The key changes introduced by the new Act are as follows:

  • Bankruptcy term: The standard bankruptcy term is now 1 year rather than 3 years.
  • Bankruptcy Payment Order: The standard duration of a Bankruptcy Payment Order (a Court order requiring a bankrupt to make payments for the benefit of his creditors from any surplus income or assets (after deduction of reasonable living expenses)) is now 3 years rather than 5 years.
  • Bankrupt’s home: A bankrupt’s ownership in his home will (in general) transfer back to him after 3 years unless:
    • the Official Assignee applies to Court for an order for sale; or
    • the Official Assignee and the bankrupt agree otherwise; or
    • the Court orders that the home should not re-vest in the bankrupt or orders that the 3 year period be extended.


  • Onerous property: The Official Assignee’s power to disclaim onerous property has been extended. Previously, it was regarded as only covering leases. Now, it covers all property and is capable of being exercised (with leave of the Court) at any time, rather than within 12 months of the adjudication or such extended time as the Court may agree.
  • Term extensions in certain cases:
    • Bankruptcy:
      • 8 years: The High Court continues to have the power to extend the bankruptcy term to 8 years where it is satisfied that a bankrupt has failed to cooperate with the Official Assignee in the realisation of his assets, or has hidden income or assets that could be realised for the benefit of his creditors from the Official Assignee (or failed to disclose their existence to the Official Assignee).
      • 15 years: The High Court has been given the power to extend the bankruptcy term to 15 years where it views the bankrupt’s failure to cooperate, or his hiding or failure to disclose assets, as particularly serious.
  • Bankruptcy Payment Order: While the standard duration of a Bankruptcy Payment Order has been reduced to 3 years, if the Court extends the term of a bankruptcy, it can also extend the term of a related Bankruptcy Payment Order to 5 years.
  • Books and records: The Act amends the existing Bankruptcy Act 1988 to confirm that both electronic and paper records are subject to the powers of both the Court and the Official Assignee to demand accounts and records for the purposes of investigating the a bankrupt’s affairs.
  • Procedural changes: The new Act abolishes the requirement for a statutory sitting of the High Court in all bankruptcy cases. These provisions have not yet been commenced (as they require changes to Court rules) but the commencement order is expected shortly.

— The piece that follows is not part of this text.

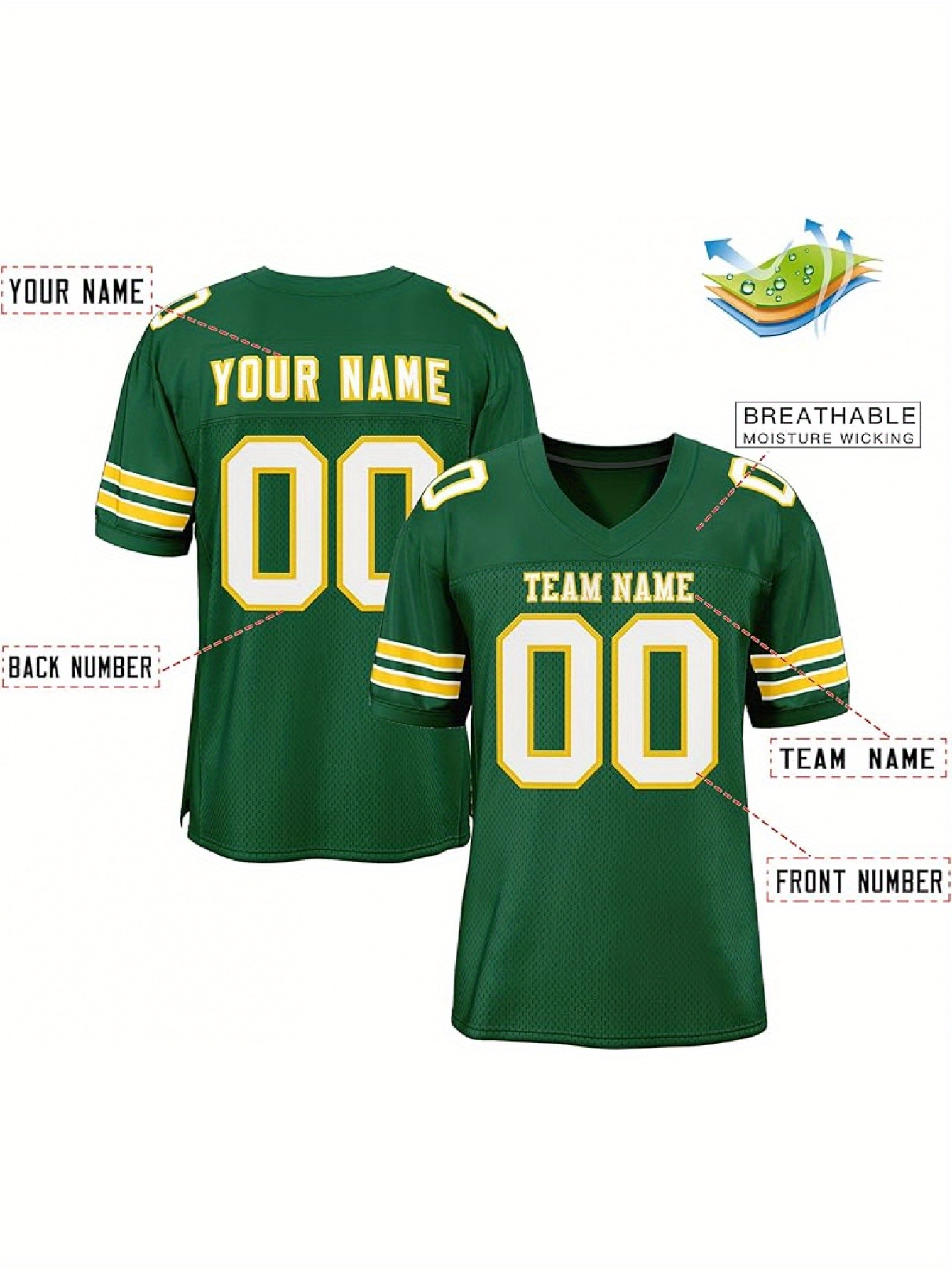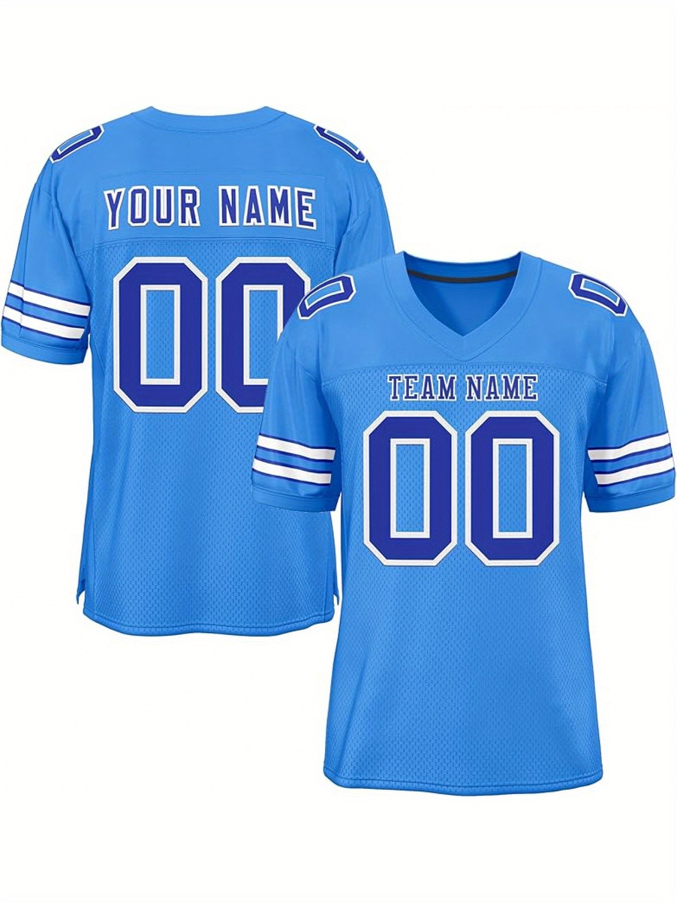 Customizable Football Jersey - Personalized Name & Number, V-Neck, Short Sleeve, Breathable Mesh Fabric, Team Colors with Bold "00" Design, Summer Sports T-Shirt for Game Day & Team Identification, Football Jersey, Comfortable Sports Apparel

Those declared bankrupt before 29 January 2016 will:

  • if already scheduled to exit bankruptcy by 29 July 2016, exit bankruptcy on schedule; and
  • if scheduled to exit bankruptcy after 29 July 2016, exit bankruptcy on the later of 29 July 2016 and the one year anniversary of the date they were adjudicated bankrupt.

There are similar transitional provisions in respect of Bankruptcy Payment Orders.


In related developments:

  • the Court review process outlined in our August 2015 Briefing came into force in November 2015, giving the Courts the ability to overturn a secured creditor’s decision to reject a borrower’s proposal for a Personal Insolvency Arrangement under the Personal Insolvency Act 2012; and
  • the Quarter 4 Statistical Report for 2015 published by the Insolvency Service of Ireland in January 2016 confirmed that, during 2015, almost 1,700 permanent debt solutions had been agreed (including 479 bankruptcies, and 641 Personal Insolvency Arrangements).

The changes introduced by the Act further modernise the Irish bankruptcy regime, aligning the bankruptcy term to the 1 year terms available in other jurisdictions which should serve to reduce instances of ‘bankruptcy tourism’. They should also encourage more debt settlements outside of formal proceedings, as the borrower’s threat of bankruptcy is now more real and should be taken seriously by the banks. Hopefully this will lead to a swifter resolution of the large number of arrears cases still sitting on the balance sheets of Irish banks.